Saturday, January 19, 2008

Crystallized Nostalgia

(Photo by Florence)

It is very cold today, but the sun is strong. The snow is clear, except for a few tire tracks and animal prints. Everything that can hold a bit of ice, holds onto it, as if suspended in time. I think of "The Nutcracker" but can't quite hear the music like I used to. Nutcracker music always makes me a bit sad because it reminds me of when I was a dancer, and I think back on the December rehearsals, sewing ribbons on pointe shoes, theater lights and hair pulled back so tightly it hurt. Nothing but ballet existed for me then, and I wanted the dancer's life so much that I would sacrifice everything to have it. But then, God had other plans for me. A stress fracture ended not only my perhaps career, but vigorous dancing forever. I still remember when the doctor called. I was standing in front of the Christmas tree staring at the red and green and blue lights, how I was silent and without somewhere to rush off to for the first time in years. Oh, how menacing that silence was, so that I couldn't even cry until days later. And then I cried for weeks.

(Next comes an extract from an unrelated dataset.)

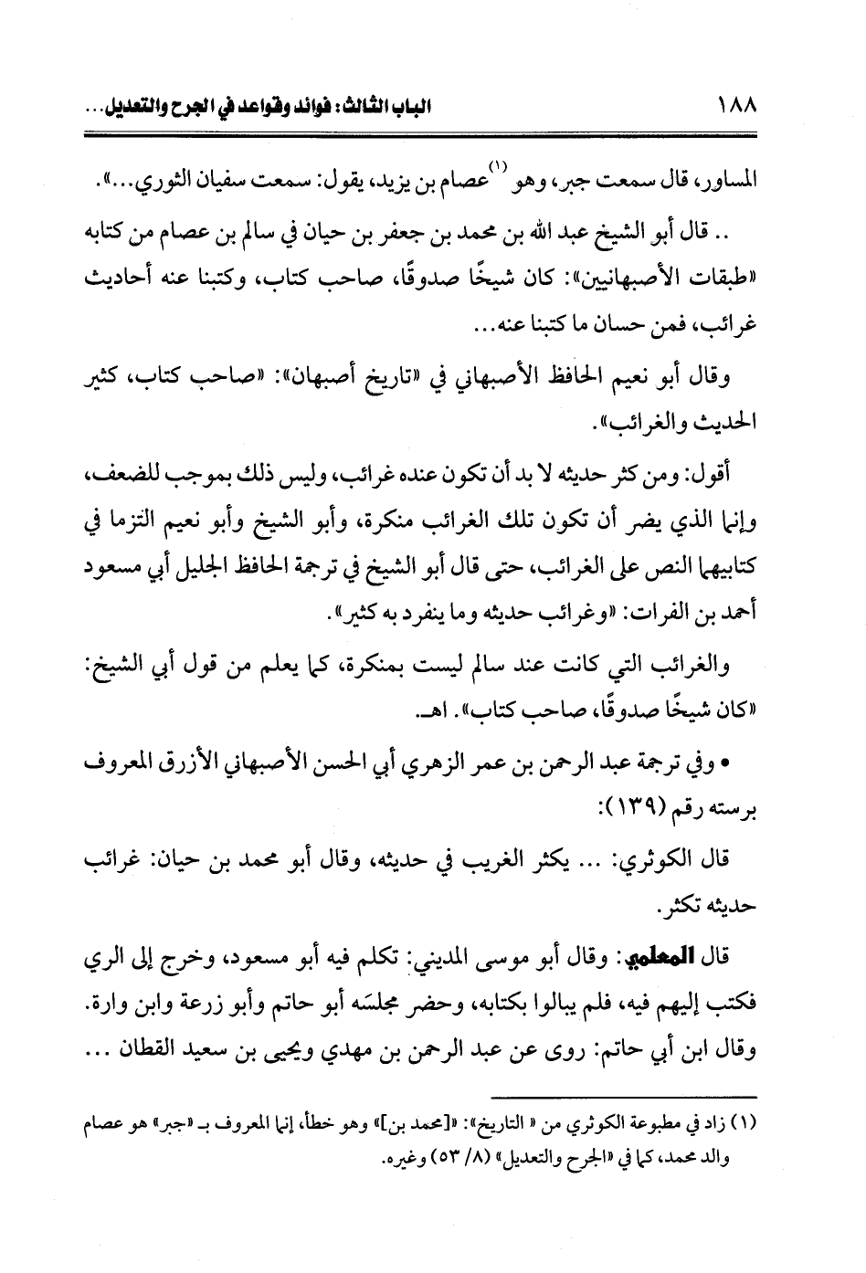 (¬1) زاد في مطبوعة الكوثري من "التاريخ": " [محمد بن] " وهو خطأ، إنما المعروف بـ"جبر" هو عصام والد محمد، كما في "الجرح والتعديل" (8/ 53) وغيره.

When I came out of it, it was as if I had woken from a heavy sleep. I slept in on Saturday morning. I ate something besides yogurt and Macintosh apples. I really read John Donne, and not to just to answer the section end questions. I took up piano and started writing again. I had time to socialize.

I try to remember this - that on the other side of despair is unexpected joy. This morning, Pavel and Sasha were still sleeping, and I made myself a latte, crawled back into bed and savored my coffee as the light streamed through the blinds onto my face. Fourteen years ago I stopped dancing. Never did I think this would be my life all those years ago. For a dancer, thirty is when one's career is coming to an end. Today I feel life is just beginning - that I finally know who I am and that my identity is no longer dependent on what I can list beside my name. It is a good feeling. As much as I miss dancing, I wouldn't trade that moment this morning for the title role in Giselle with ABT.

Again - Glory be to God for all things! I'm glad I can say it and mean it.